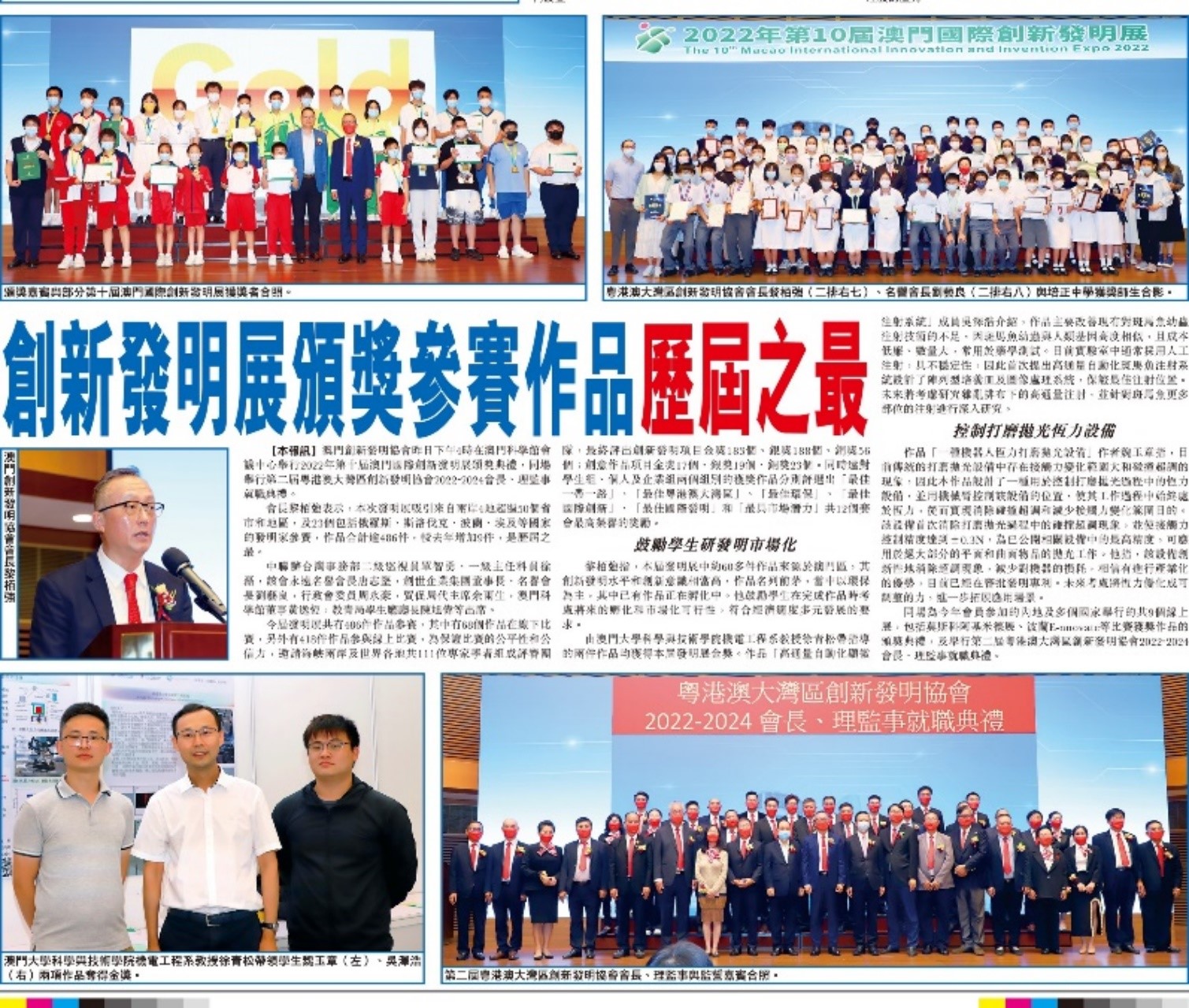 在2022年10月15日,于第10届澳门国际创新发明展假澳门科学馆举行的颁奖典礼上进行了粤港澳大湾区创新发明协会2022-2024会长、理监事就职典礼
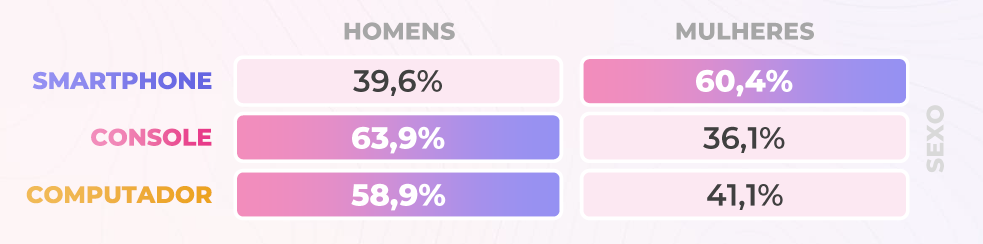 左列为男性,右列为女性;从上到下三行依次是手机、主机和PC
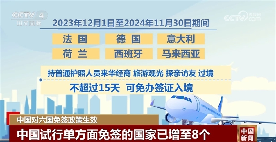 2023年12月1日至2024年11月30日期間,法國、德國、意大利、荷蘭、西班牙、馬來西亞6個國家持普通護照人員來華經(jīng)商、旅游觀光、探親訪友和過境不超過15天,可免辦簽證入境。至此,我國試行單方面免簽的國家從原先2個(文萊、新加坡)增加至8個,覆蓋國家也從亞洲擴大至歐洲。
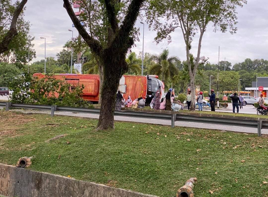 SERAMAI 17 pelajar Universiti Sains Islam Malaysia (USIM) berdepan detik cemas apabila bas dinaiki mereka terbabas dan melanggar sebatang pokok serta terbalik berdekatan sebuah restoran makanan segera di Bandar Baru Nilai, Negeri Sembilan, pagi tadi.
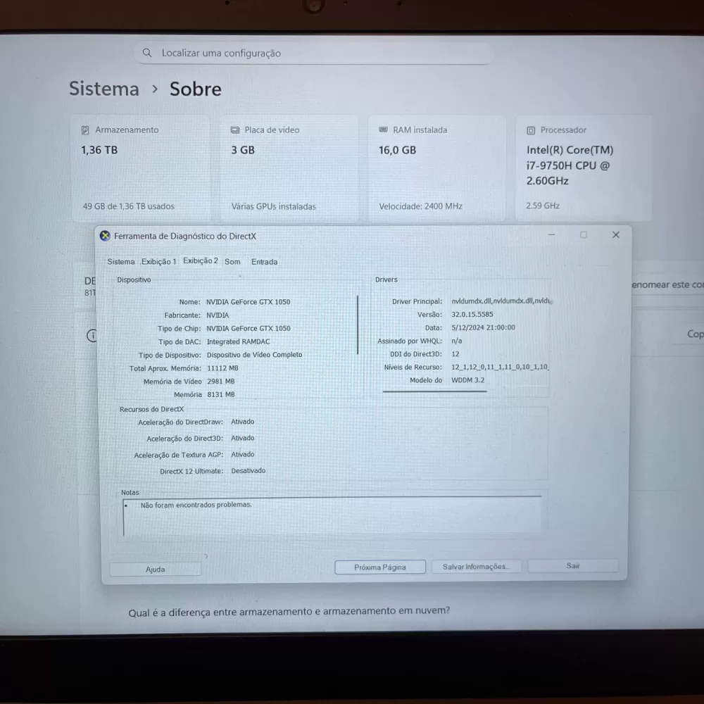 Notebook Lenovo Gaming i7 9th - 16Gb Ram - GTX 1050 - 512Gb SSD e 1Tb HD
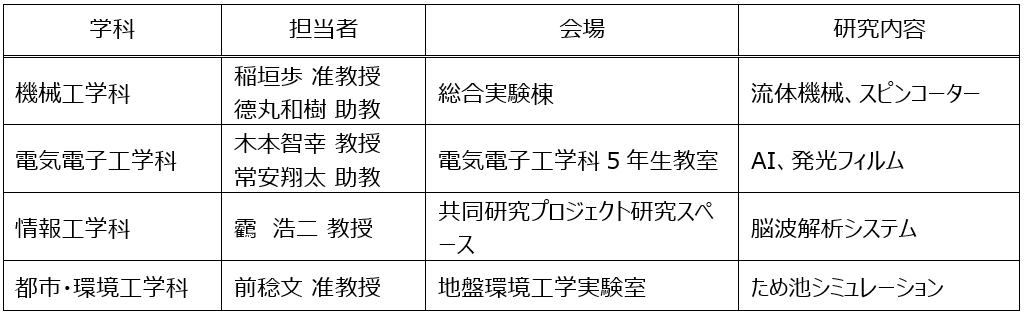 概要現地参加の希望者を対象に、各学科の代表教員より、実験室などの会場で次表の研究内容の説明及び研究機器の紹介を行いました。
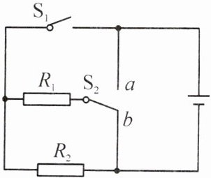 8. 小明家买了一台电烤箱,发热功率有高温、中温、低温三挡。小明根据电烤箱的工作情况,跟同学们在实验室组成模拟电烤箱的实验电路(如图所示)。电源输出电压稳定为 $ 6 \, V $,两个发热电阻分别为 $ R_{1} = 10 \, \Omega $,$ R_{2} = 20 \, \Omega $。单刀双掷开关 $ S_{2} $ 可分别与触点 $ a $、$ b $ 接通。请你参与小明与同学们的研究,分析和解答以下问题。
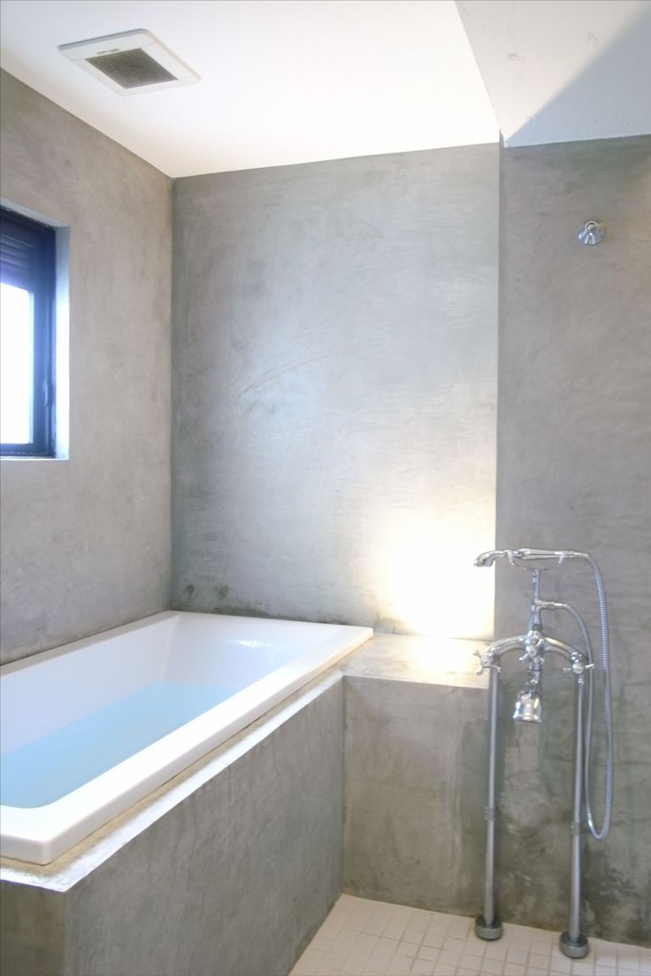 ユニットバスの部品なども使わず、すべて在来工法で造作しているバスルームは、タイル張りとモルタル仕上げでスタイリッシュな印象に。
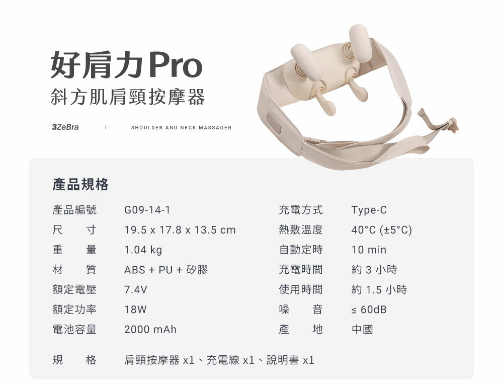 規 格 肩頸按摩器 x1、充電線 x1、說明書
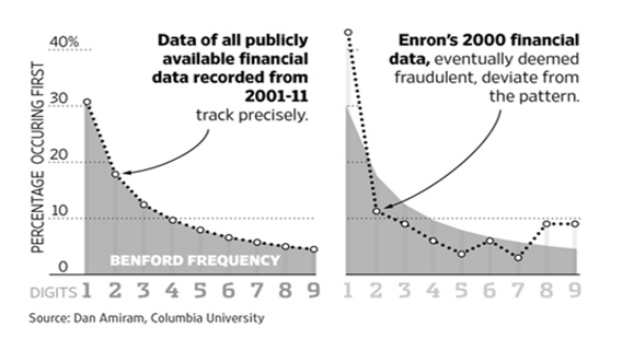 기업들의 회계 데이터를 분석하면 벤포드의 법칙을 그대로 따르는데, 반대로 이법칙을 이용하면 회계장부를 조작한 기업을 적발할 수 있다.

━━━━━━━━━━━━━━━━

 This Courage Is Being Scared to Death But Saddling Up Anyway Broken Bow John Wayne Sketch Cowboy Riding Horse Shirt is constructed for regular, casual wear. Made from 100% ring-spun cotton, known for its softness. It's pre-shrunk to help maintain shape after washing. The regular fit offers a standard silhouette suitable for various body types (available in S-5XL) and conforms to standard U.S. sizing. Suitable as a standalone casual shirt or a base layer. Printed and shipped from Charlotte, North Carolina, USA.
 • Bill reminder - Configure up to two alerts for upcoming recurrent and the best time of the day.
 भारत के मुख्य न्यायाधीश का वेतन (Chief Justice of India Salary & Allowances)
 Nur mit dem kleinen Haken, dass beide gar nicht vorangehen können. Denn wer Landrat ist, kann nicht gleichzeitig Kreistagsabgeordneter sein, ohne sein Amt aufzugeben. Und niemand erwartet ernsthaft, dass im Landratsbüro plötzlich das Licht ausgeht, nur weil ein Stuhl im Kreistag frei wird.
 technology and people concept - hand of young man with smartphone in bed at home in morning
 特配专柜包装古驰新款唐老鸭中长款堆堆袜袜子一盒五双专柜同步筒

━━━━━━━━━━━━━━━━

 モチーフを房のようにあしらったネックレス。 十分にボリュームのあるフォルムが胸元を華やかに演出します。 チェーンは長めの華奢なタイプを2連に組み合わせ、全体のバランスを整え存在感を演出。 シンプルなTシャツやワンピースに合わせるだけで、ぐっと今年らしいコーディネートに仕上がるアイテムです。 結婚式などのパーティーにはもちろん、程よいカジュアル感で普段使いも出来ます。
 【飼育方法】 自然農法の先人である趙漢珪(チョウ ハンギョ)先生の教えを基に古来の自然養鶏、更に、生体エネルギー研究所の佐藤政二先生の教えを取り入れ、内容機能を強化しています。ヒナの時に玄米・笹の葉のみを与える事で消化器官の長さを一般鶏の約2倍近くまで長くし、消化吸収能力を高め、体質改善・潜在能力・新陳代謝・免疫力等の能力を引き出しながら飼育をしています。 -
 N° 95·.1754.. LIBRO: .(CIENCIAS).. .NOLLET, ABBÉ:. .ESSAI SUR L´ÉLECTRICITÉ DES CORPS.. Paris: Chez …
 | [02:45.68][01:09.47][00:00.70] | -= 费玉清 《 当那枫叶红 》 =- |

━━━━━━━━━━━━━━━━

■ Work to be completed
The lines to reproduce run from the one above containing "在2022年10月15日,于" through the one containing "概要現地参加の希望者を対象に". Copy them exactly and leave out all pictures.

■ Solved problem
 在2022年10月15日,于第10届澳门国际创新发明展假澳门科学馆举行的颁奖典礼上进行了粤港澳大湾区创新发明协会2022-2024会长、理监事就职典礼
 左列为男性,右列为女性;从上到下三行依次是手机、主机和PC
 2023年12月1日至2024年11月30日期間,法國、德國、意大利、荷蘭、西班牙、馬來西亞6個國家持普通護照人員來華經(jīng)商、旅游觀光、探親訪友和過境不超過15天,可免辦簽證入境。至此,我國試行單方面免簽的國家從原先2個(文萊、新加坡)增加至8個,覆蓋國家也從亞洲擴大至歐洲。
 SERAMAI 17 pelajar Universiti Sains Islam Malaysia (USIM) berdepan detik cemas apabila bas dinaiki mereka terbabas dan melanggar sebatang pokok serta terbalik berdekatan sebuah restoran makanan segera di Bandar Baru Nilai, Negeri Sembilan, pagi tadi.
 Notebook Lenovo Gaming i7 9th - 16Gb Ram - GTX 1050 - 512Gb SSD e 1Tb HD
 概要現地参加の希望者を対象に、各学科の代表教員より、実験室などの会場で次表の研究内容の説明及び研究機器の紹介を行いました。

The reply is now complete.